■ **WORK REQUEST**:
Each line below from the one containing "本セミナーでは、KiteRa" through the one containing "Questo set contiene" should be output exactly as it stands, and no other line should appear.

■ **DATASET RECORDS**:

_ _ _

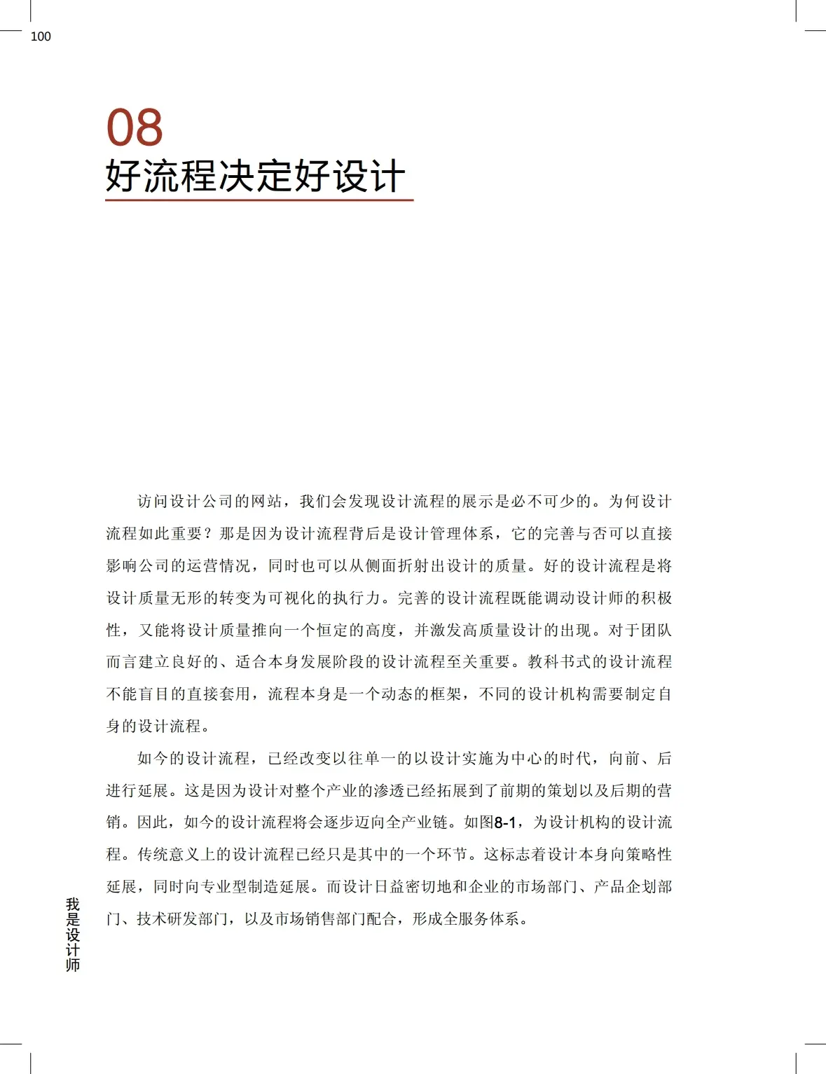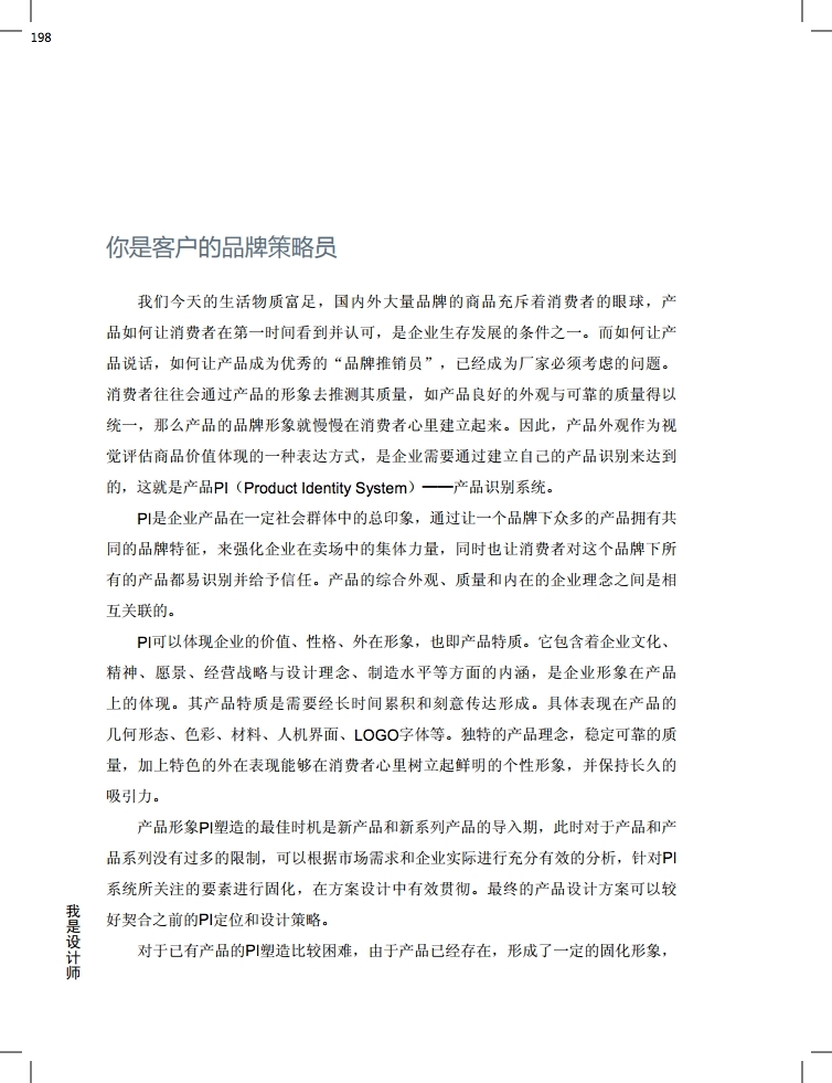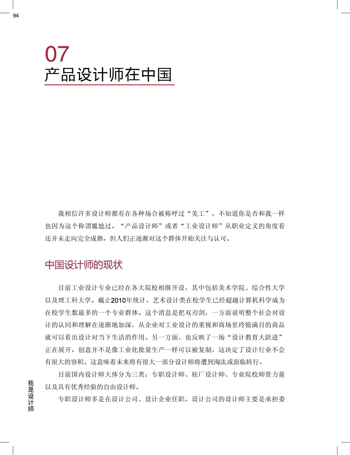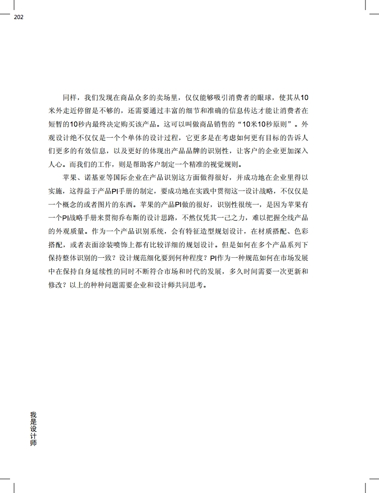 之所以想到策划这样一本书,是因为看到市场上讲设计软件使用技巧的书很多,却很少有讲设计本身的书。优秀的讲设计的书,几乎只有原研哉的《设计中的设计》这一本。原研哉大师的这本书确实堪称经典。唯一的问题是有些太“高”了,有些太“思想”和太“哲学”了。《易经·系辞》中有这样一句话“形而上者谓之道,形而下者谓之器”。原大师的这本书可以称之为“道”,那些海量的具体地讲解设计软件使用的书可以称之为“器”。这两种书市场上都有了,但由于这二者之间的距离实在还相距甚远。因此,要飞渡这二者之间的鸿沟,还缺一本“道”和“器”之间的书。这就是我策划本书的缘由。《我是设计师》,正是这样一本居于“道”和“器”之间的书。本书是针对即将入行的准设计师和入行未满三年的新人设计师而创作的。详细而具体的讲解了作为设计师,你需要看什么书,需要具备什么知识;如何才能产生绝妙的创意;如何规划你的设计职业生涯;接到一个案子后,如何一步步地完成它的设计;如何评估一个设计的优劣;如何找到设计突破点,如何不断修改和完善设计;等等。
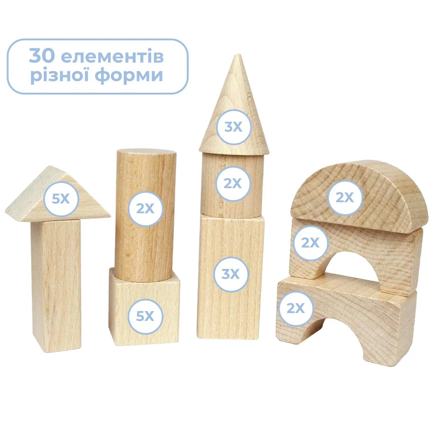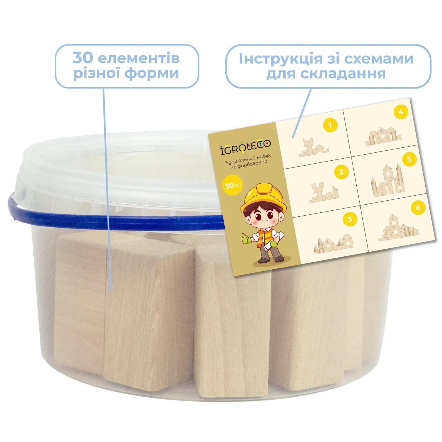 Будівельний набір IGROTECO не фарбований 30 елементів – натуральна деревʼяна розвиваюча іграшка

_ _ _

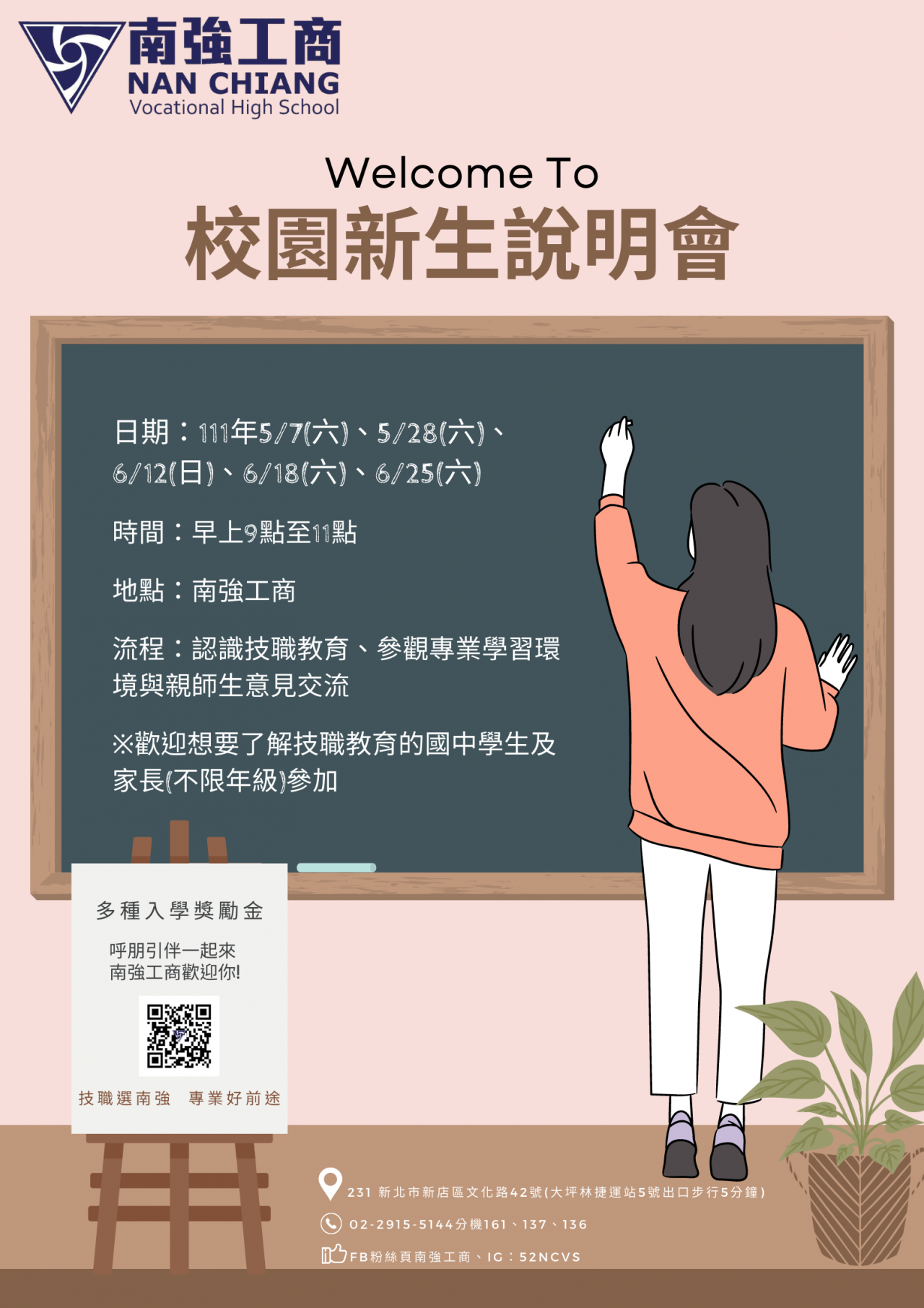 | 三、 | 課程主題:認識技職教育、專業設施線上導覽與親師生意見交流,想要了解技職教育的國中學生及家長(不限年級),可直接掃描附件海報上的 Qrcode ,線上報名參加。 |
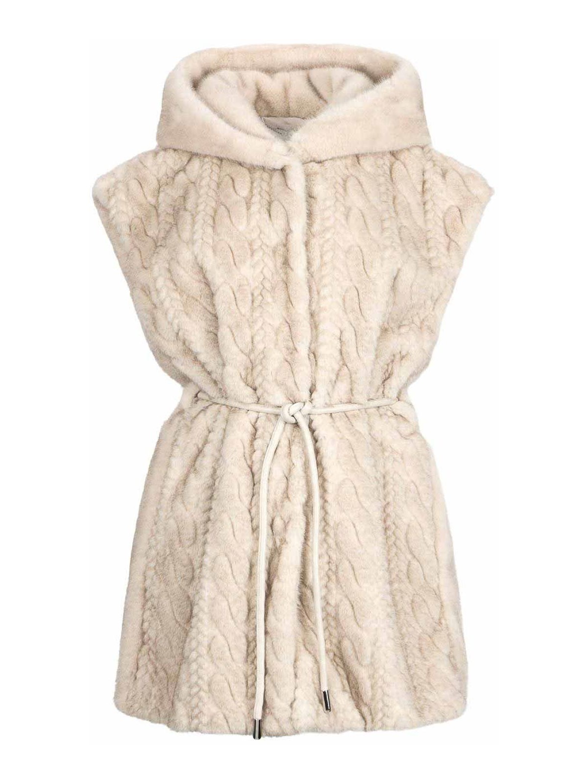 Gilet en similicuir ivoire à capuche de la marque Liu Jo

_ _ _

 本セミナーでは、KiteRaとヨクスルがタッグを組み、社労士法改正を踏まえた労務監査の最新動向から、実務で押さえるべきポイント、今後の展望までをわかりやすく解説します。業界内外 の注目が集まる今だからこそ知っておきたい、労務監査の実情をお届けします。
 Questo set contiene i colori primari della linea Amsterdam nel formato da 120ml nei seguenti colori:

_ _ _

■ **RESULT BELOW**:
 本セミナーでは、KiteRaとヨクスルがタッグを組み、社労士法改正を踏まえた労務監査の最新動向から、実務で押さえるべきポイント、今後の展望までをわかりやすく解説します。業界内外 の注目が集まる今だからこそ知っておきたい、労務監査の実情をお届けします。
 Questo set contiene i colori primari della linea Amsterdam nel formato da 120ml nei seguenti colori:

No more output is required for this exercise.